Zbrodnia doskonała, sprawcy na miejscu zrzucają podejrzenia na innych. Misja częściowo udana, agenci Trzeciego Eszelonu nie zostali wykryci. Niestety siatka szybko została zastąpiona blachą, a gdy się kręciliśmy w okolicy głównego wejścia, to widzieliśmy, że ochroniarze dostali jakiegoś dużego Burka do pomocy. Teren ostatecznie trafił w ręce okupanta. Ale cegiełka jakaś jest „nasza” – jeden z członków ekipy kupił w tym bloku mieszkanie ;)
dylanula Odpowiedz

Kocham takie historie! Nie żebym popierała popełnianie przestępstw, ale uwielbiam tę dziecięcą zaciętość, poczucie odpowiedzialności i dojrzałości, zorganizowanie... Co jak co, ale musieliście to robić umiejętnie, skoro ani strażnicy, ani policja Was nie dopadli i podejrzewali o tę robotę jakiś gang :D

Dragomir

Akurat z dojrzałością i odpowiedzialnością nie miało to nic wspólnego.
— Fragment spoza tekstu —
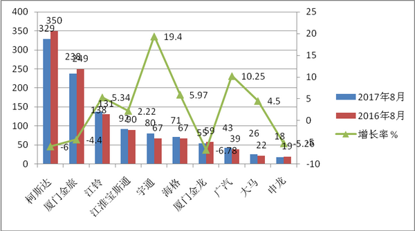 2017年8月份小金龙考斯特车型单月销售238台,同比下降4.4%,是国产考斯特品牌中销量最大的企业
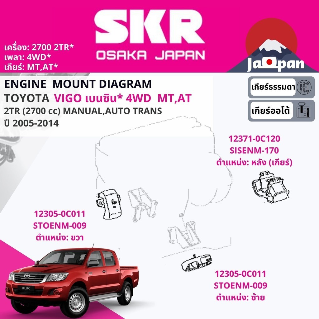 SKR Japan % ยาง แท่นเครื่อง แท่นเกียร์ Toyota Vigo เบนซิน 2.7 2TR 4WD AT,MT เกียร์ออโต้ ธรรมดา ปี 2005-2014 TO009,TO170
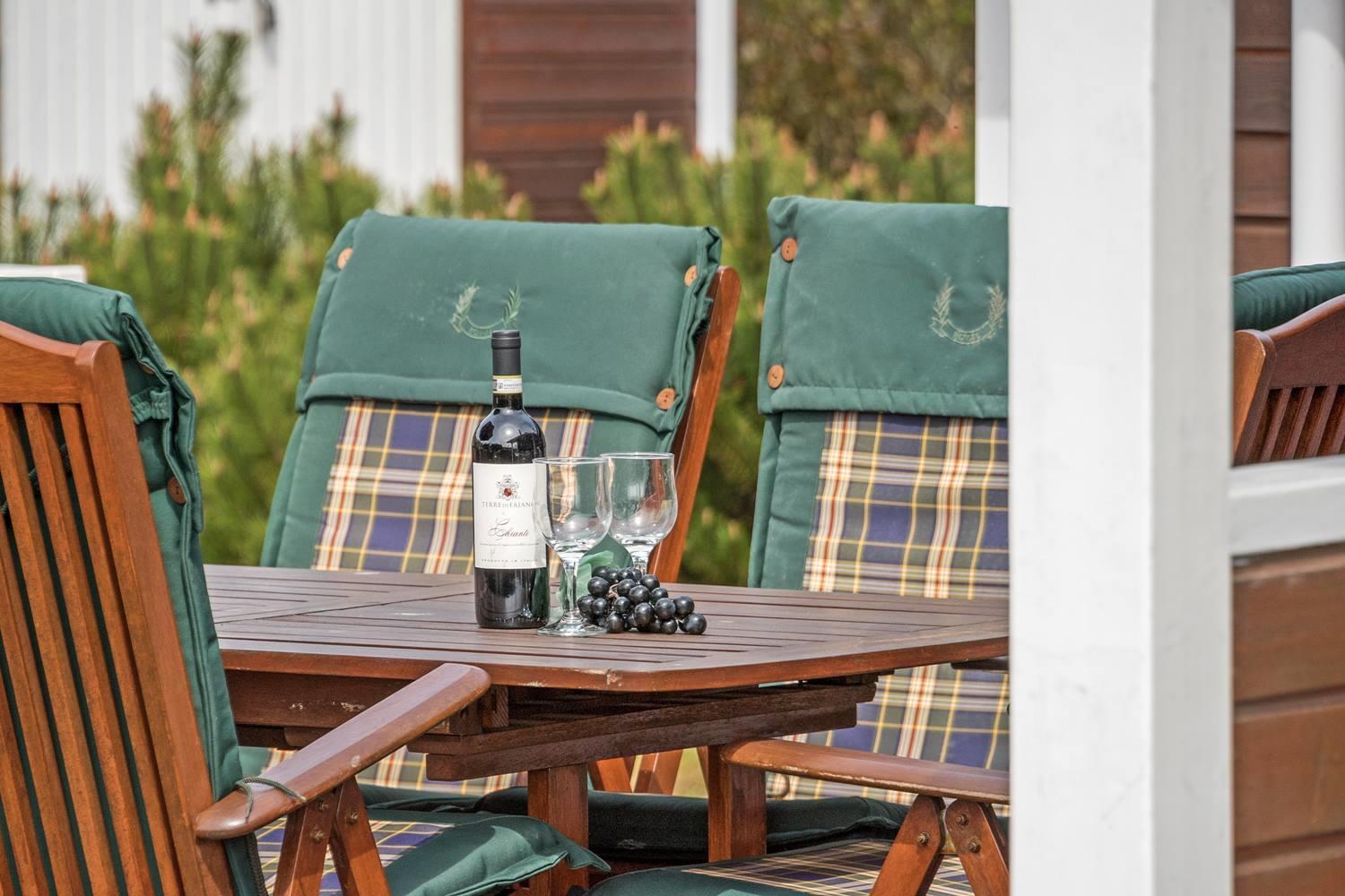 Udendørs finder I en dejlig, lukket have med overdækket terrasse, gynge og sandkasse – ideel til børnefamilier eller jer, der bare nyder udelivet. Her kan I grille, spise sammen eller læne jer tilbage og nyde den friske havluft.
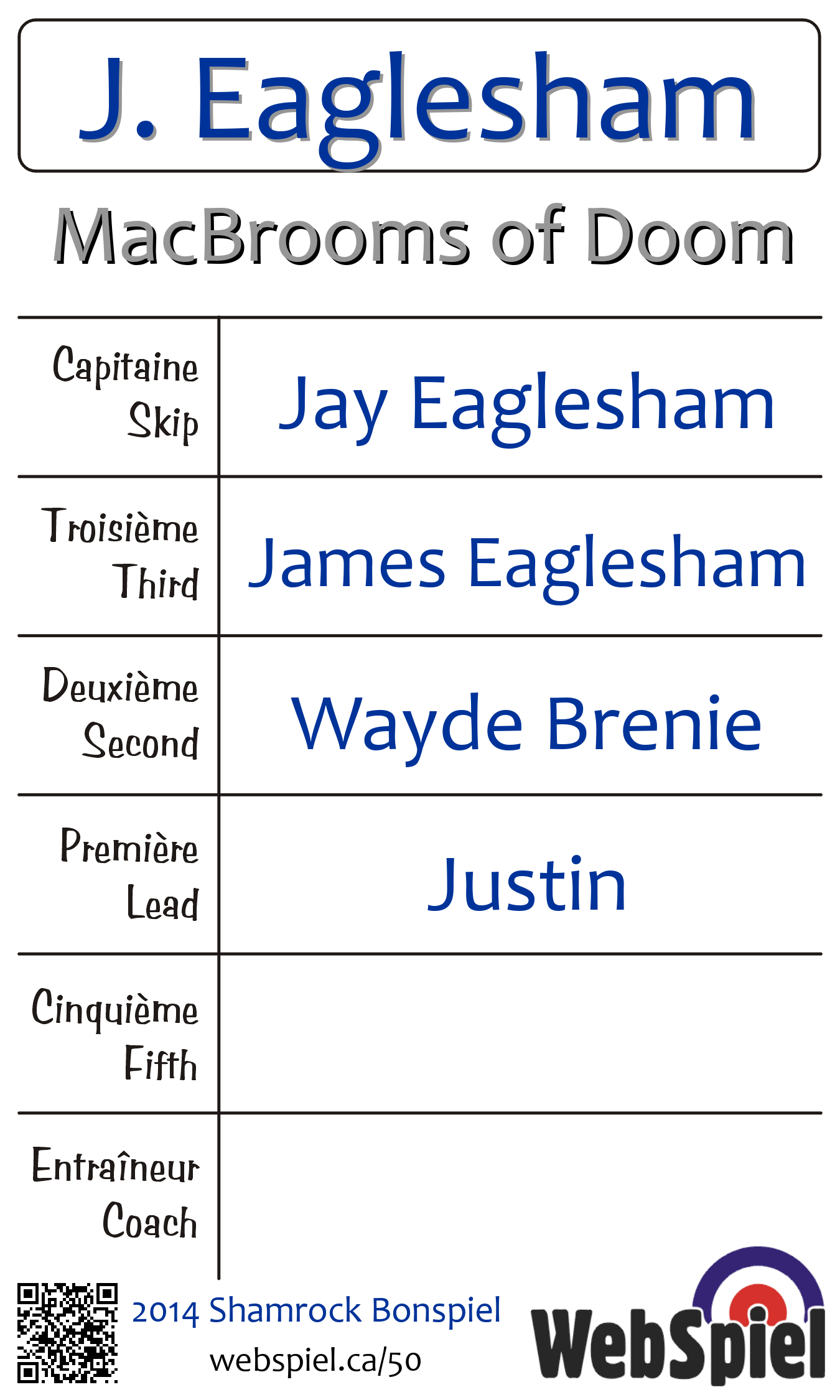 | Club | MacBrooms of Doom Montreal West Curling Club 17 Ainslie Road Montréal ouest, QC H4X 1K4 CANADA T: 514-486-5831 http://mtlwestcurl.org/ 4 sheets |
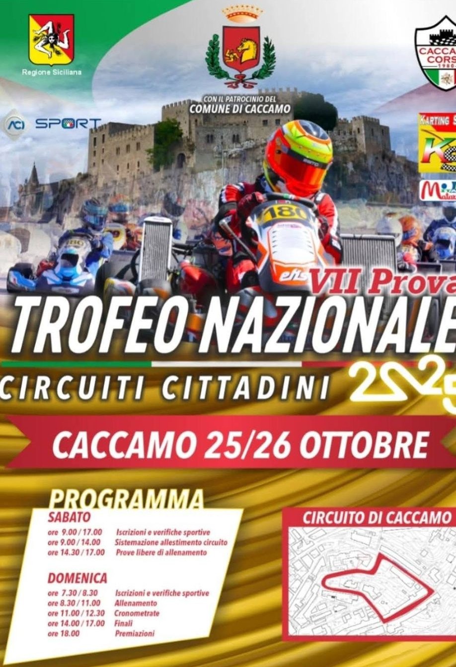 Sabato e domenica all’insegna delle gare su Kart a Caccamo in occasione della 7ª prova Trofeo Nazionale Circuiti Cittadini. Il pioppese Giuseppe Termini pronto a difendere il primato nella Categoria 125 Rookie e tentare la scalata nella Classifica assoluta circuiti cittadini in questa penultima gara della stagione. Il programma prevede quanto segue: sabato dalle ore 9:00 alle ore 17:00 si svolgeranno le iscrizioni e le verifiche sportive; dalle ore 9:00 alle ore 14:00 è prevista la sistemazione e l’allestimento del circuito, mentre dalle ore 14:30 alle ore 17:00 si terranno le prove libere di allenamento. Domenica dalle ore 7:30 alle ore 8:30 saranno aperte le iscrizioni e le verifiche sportive; dalle ore 8:30 alle ore 11:00 si terranno le sessioni di allenamento, seguite dalle prove cronometrate dalle ore 11:00 alle ore 12:30. Nel pomeriggio, dalle ore 14:00 alle ore 17:00, si svolgeranno le finali, mentre la cerimonia di premiazione è prevista per le ore 18:00.
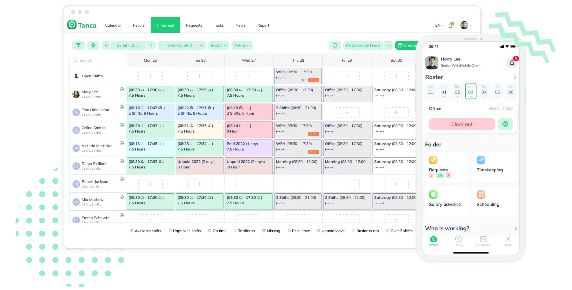 Tanca 提供各种形式的考勤,采用最现代的模式。
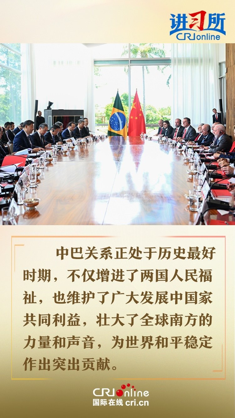 今年是中巴建交50周年。習近平指出,回首過去50年,中巴關(guān)系跨越山海,探索出發(fā)展中大國相互尊重、互利友好、合作共贏的正確相處之道。中方愿同巴方一道,以人類前途為懷、以人民福祉為念,不斷豐富新時代中巴關(guān)系內(nèi)涵,做相互成就的“黃金搭檔”,朝著構(gòu)建人類命運共同體、構(gòu)建更公正世界和更可持續(xù)星球的目標不斷邁進,為人類和平和進步事業(yè)作出更大貢獻。
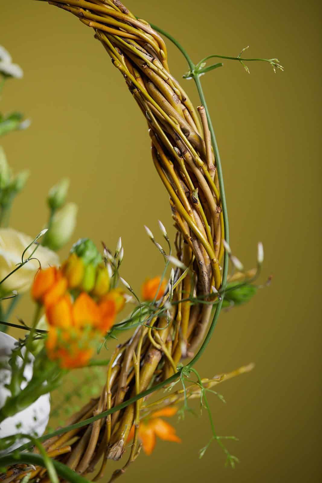 Zunächst einen Wellendrahtring mit Floraltape versehen und zu einem Ei formen. Mehrere Trauerweidenäste zusammennehmen, in sich leicht verdrehen,
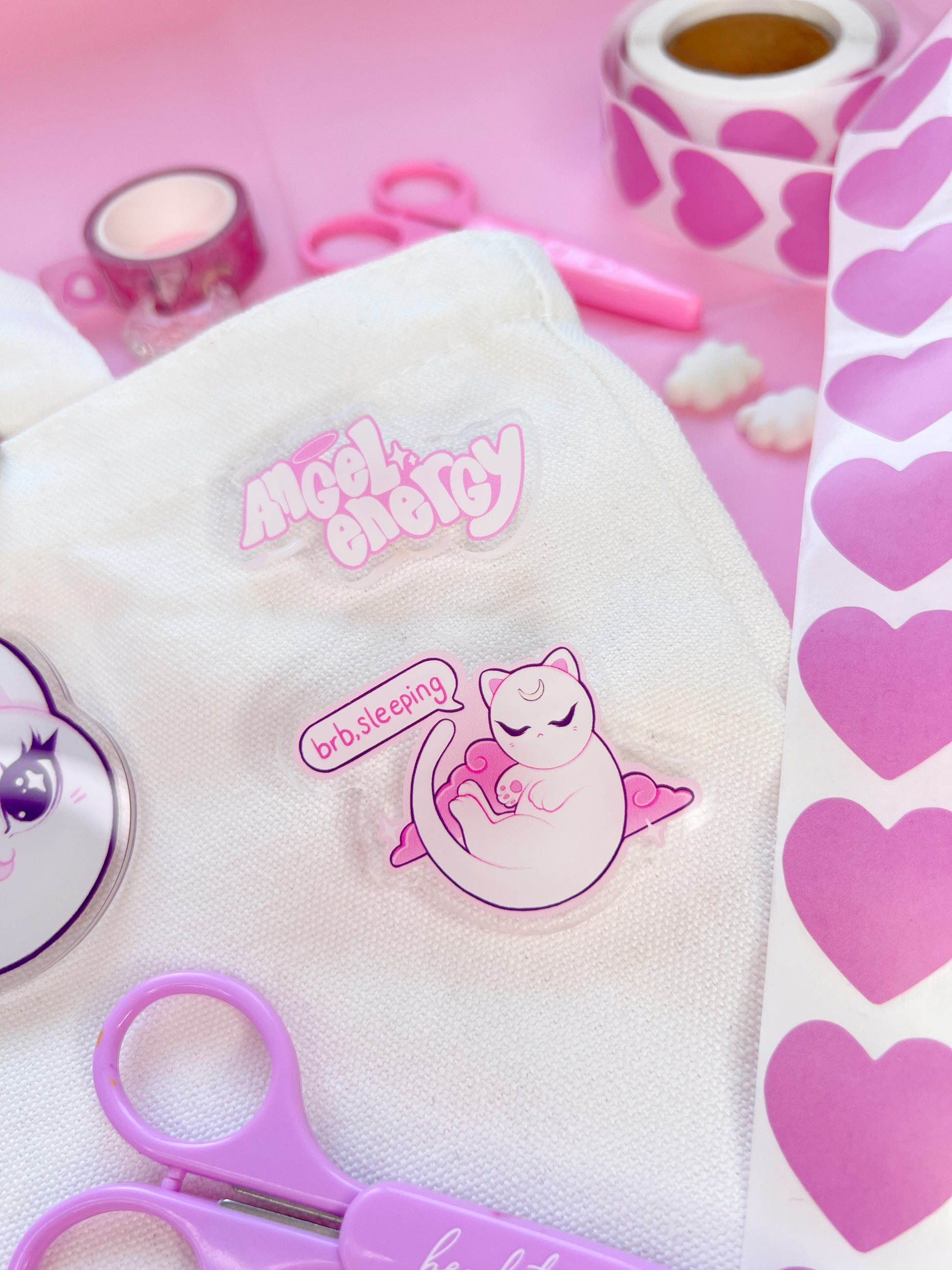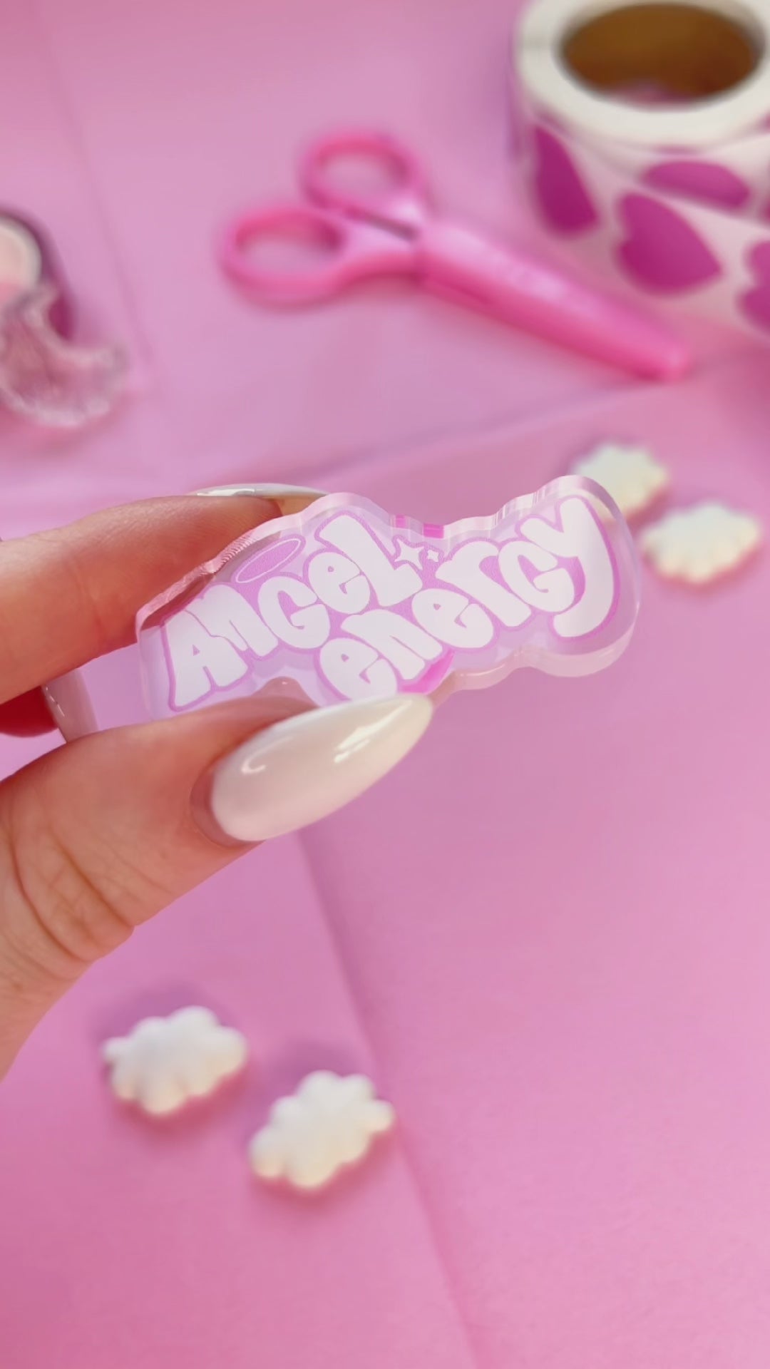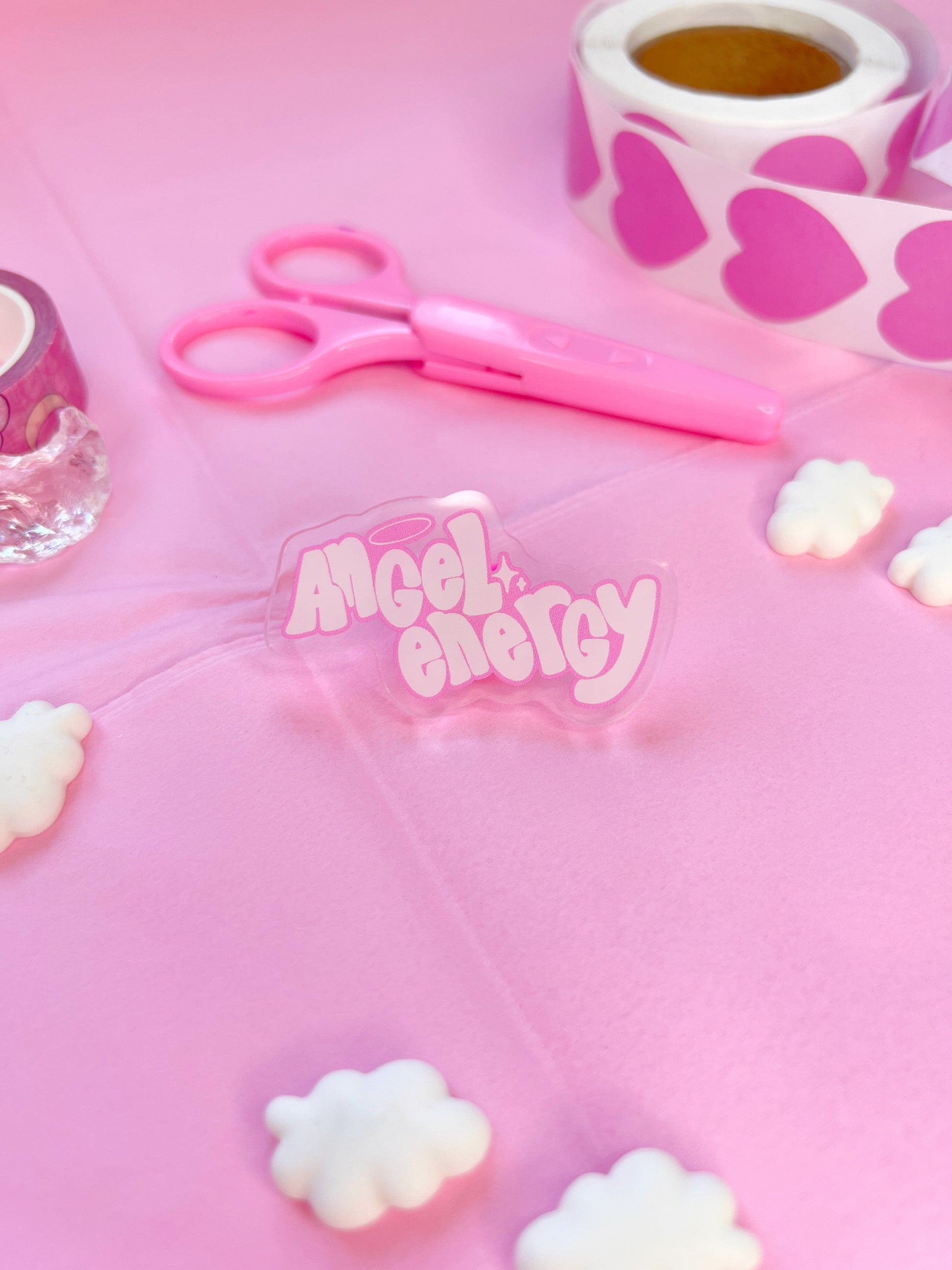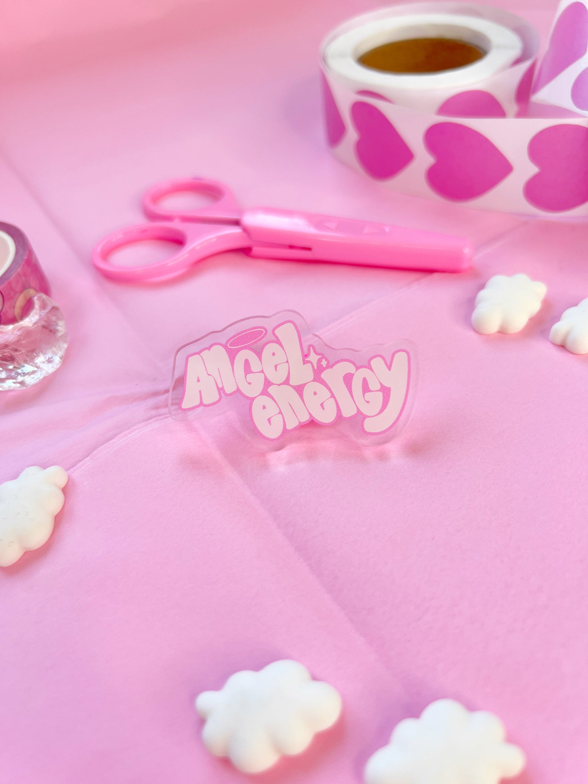 this is a super cute angel energy slogan acrylic pin!
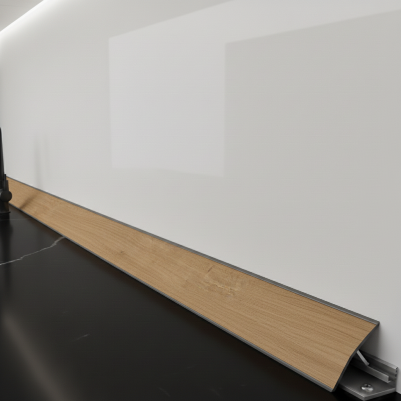 Pozostáva z dvoch častí – spodná časť sa naskrutkuje alebo nalepí na dosku a horná sa následne zacvakne do spodnej, čím vytvára čisté a estetické zakončenie v rovnakom dekore ako pracovná doska.
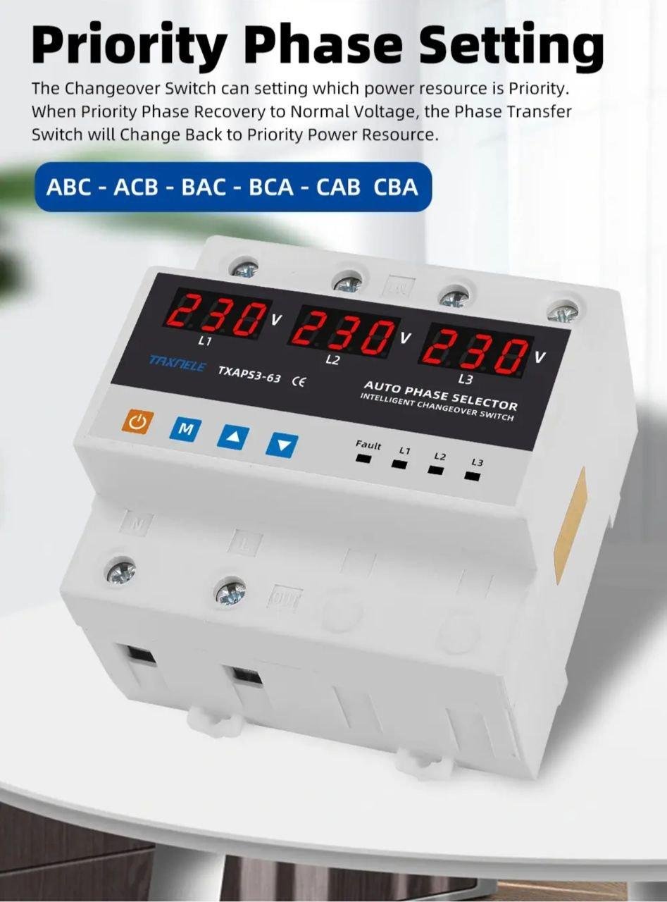 This 220V single-phase phase selector has been designed to power a single-phase load from a three-phase power supply, in order to maintain uninterrupted power supply. Depending on the presence and quality of the voltage on the phases, it will automatically select the optimal power phase and switch the single-phase load supply to it.
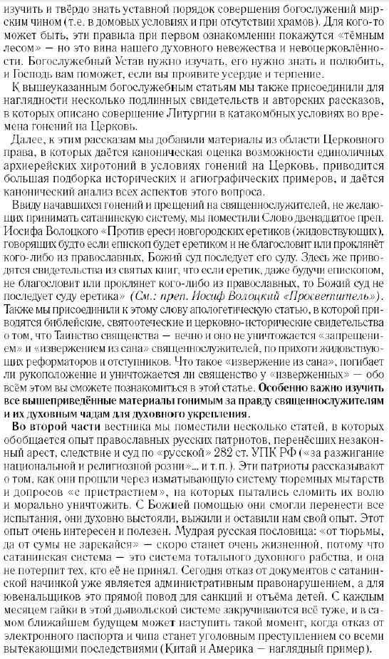 Из самых разных источников в нём собраны интересные и полезные материалы, призванные помочь православным не растеряться и грамотно себя повести в очень непростых условиях нашего апостасийного времени. Издание вестника готовится к выпуску в крупноформатном, легко читаемом варианте (в виде журнала).

Reszta komentarza OK.

NocnyBlack Odpowiedz

Ahh, dziecinstwo najlepszy czas :3

JoffreyKingforever Odpowiedz

Tacy hardkorowi chłopcy z placu broni 😉

WilaWianki

Tak w sumie mogłaby wyglądać kontynuacja, nawet pasuje do zakończenia.

Viraf Odpowiedz

,,Chłopcy z placu budowy " XDDDDD

Rybka33 Odpowiedz

Jedno z lepszych wyznań :) poleci do ulubionych :) tez lubiłam udawać szpiegów i super frajdę mi sprawiało kiedy nikt mnie nie zauwazal :D

Omikro Odpowiedz

No epickie :D

Tronix2000 Odpowiedz

W poprzednim życiu musieliście chyba partyzantkę podczas II WŚ uprawiać 😀

Lokizboki Odpowiedz

Leci do ulubionych :D

CichaPanda Odpowiedz

No nieźle ;D

Piripiri Odpowiedz

Ja też bym tak chciał. Świetna sprawa!